In the opinion of the minority in Kerr v. Martin, 2 D. 767, the following passage occurs—“Indeed, there must be a fiction of some kind in every view of the matter, for how are children to become legitimate so as to be accounted equally so with others afterwards born in lawful wedlock, or born previously of a lawful marriage, except by some fiction or presumption of the law by which the subsequent marriage obliterates the stain on their birth, and makes for them a status of actual and full legitimacy which does not exist by the natural course of things.” I am disposed to accept this, with the qualification that the fiction is not inflexible. It yields to and will not be applied so as to defeat vested rights. Lord Gillies says, in the case of Rose v. Ross, 5 S. 649—“It is an invariable maxim that no fiction shall extend to work an injury. But on the other hand it may be held to be a general maxim that a fiction shall be so far extended as to accomplish its object, and to work out the rule with a view to which it was adopted.” The solution of such questions is to be found in reconciling these maxims.

Now when this claim, which is made against third parties, emerged, the pursuer had no title to sue, and the defender's right of immunity from any claim at the pursuer's instance was as fully vested in them at the date of the marriage as was the right of priority vested in the children of the intervening marriage in the case of Kerr v. Martin. It may sound strange to speak of a vested right not to be sued in respect of what I assume to have been a civil wrong, but that phrase expresses the defenders' position with sufficient accuracy. When the child was killed there was no one who in the eye of the law had suffered a legal wrong through her death, and was thus entitled to sue the defenders.
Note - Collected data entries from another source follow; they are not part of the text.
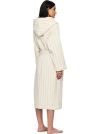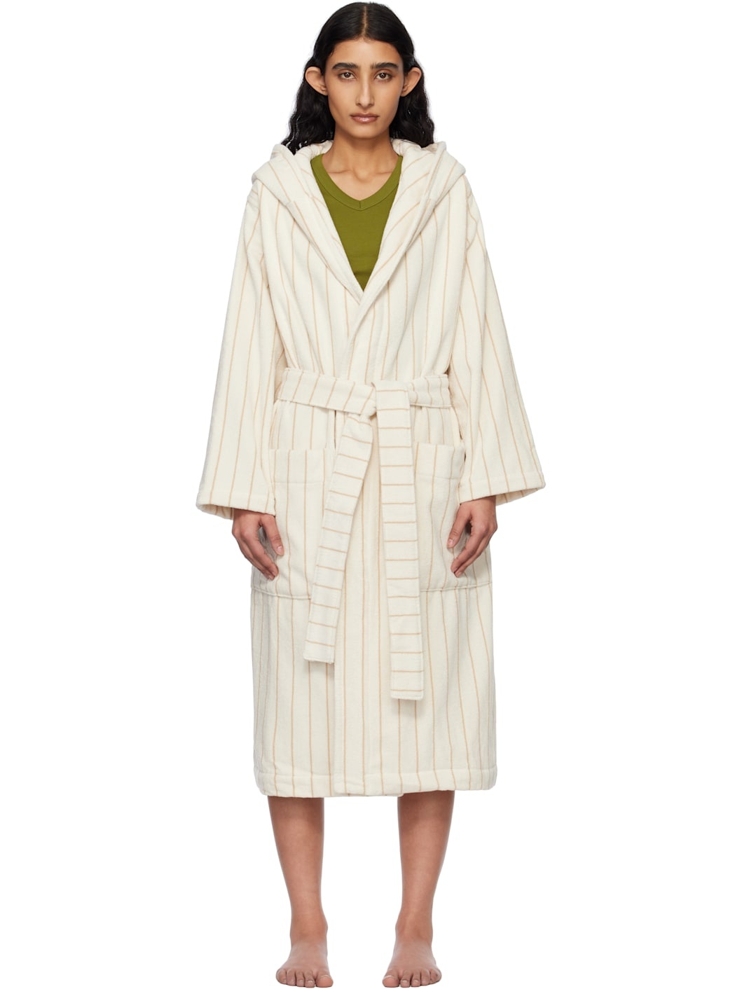 Heavyweight 385 gsm organic cotton terrycloth bathrobe. Stripes throughout. - GOTS- and Oeko-Tex® Standard 100-certified - Hood at shawl lapel - Open front - Belt loops and detachable self-tie belt - Patch pockets - Logo flag at side seam - Locker loop at inner collar Supplier color: Sienna stripes
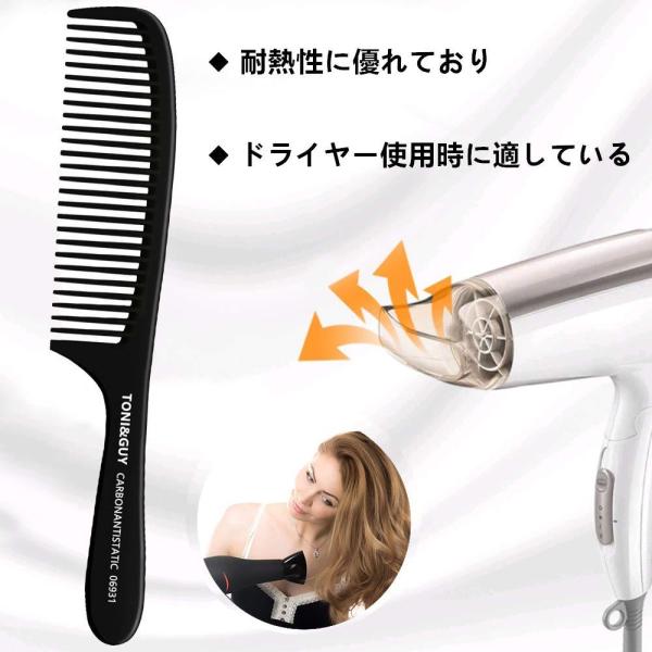 【プロ用コーム】:プロも愛用しているこのコームは、濡れた髪にも使えるウェット&ドライ仕様です。髪を洗っている最中に絡まるのをほどいたり、
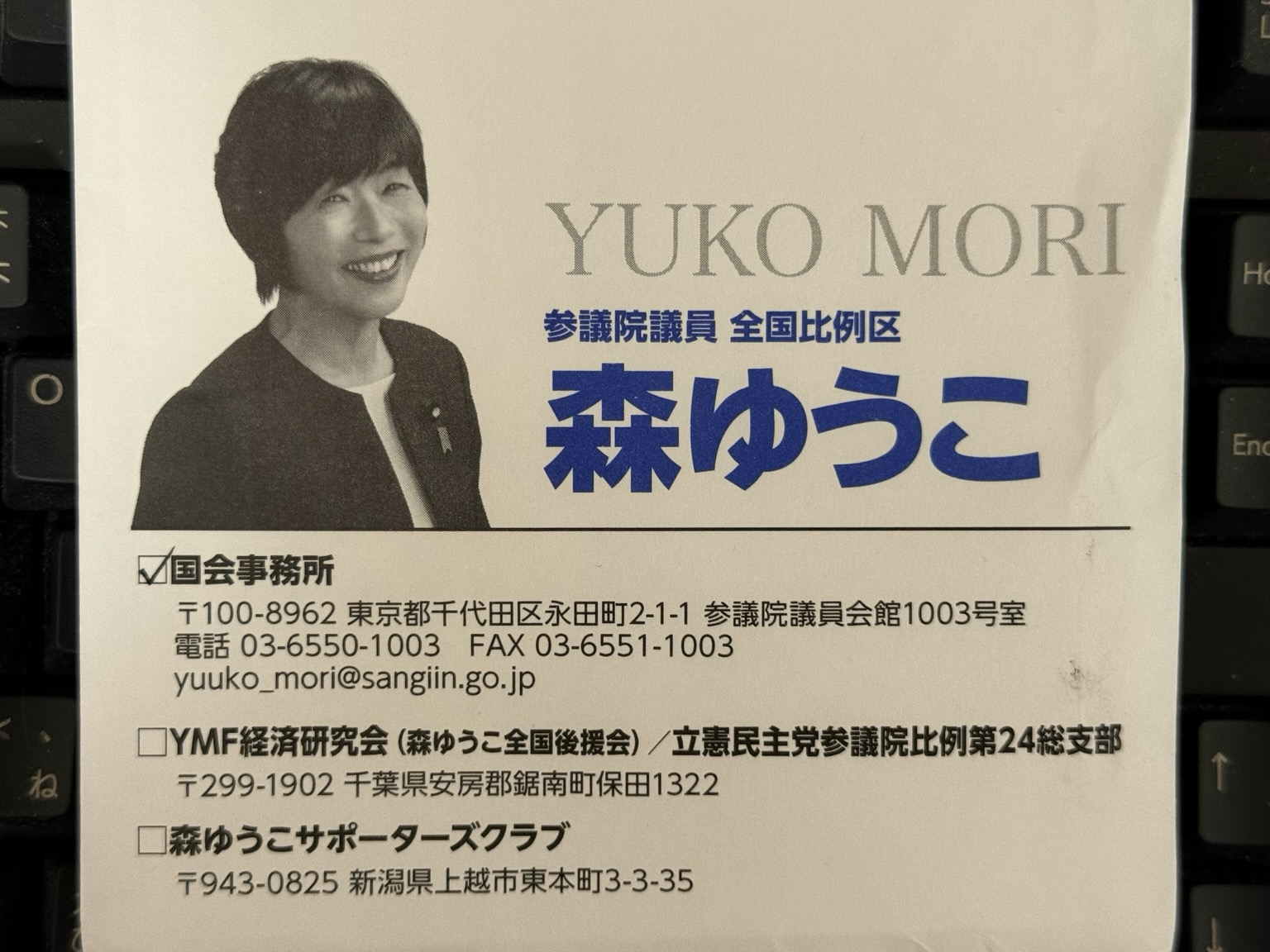 ひっさびさに森姐の団体から封書が来たと思ったら、寄付のお願いと、森姐の元秘書が新潟県知事選挙に挑戦するという文書。新潟県、今のハナズミ体制ではよくないと思うので、期待したいが…。

I am therefore of opinion that the pursuer has no title to sue, and on that ground that the Sheriff-Substitute's judgment should be affirmed.

Lord Young was absent.

The Court dismissed the appeal, affirmed the interlocutor appealed against, of new dismissed the action, and decerned.

Counsel:

Counsel for the Pursuer— John Wilson, K.C.— J. W. Forbes. Agent— William Finlay, W.S.

Counsel for the Defender M'Gregor— Salvesen, K.C.— D. Anderson. Agent— J. S. M'Culloch, W.S.

Counsel for the Defenders Walker and Cairns— Salvesen, K.C.— Crurie Steuart. Agents— Coutts & Palfrey, S.S.C.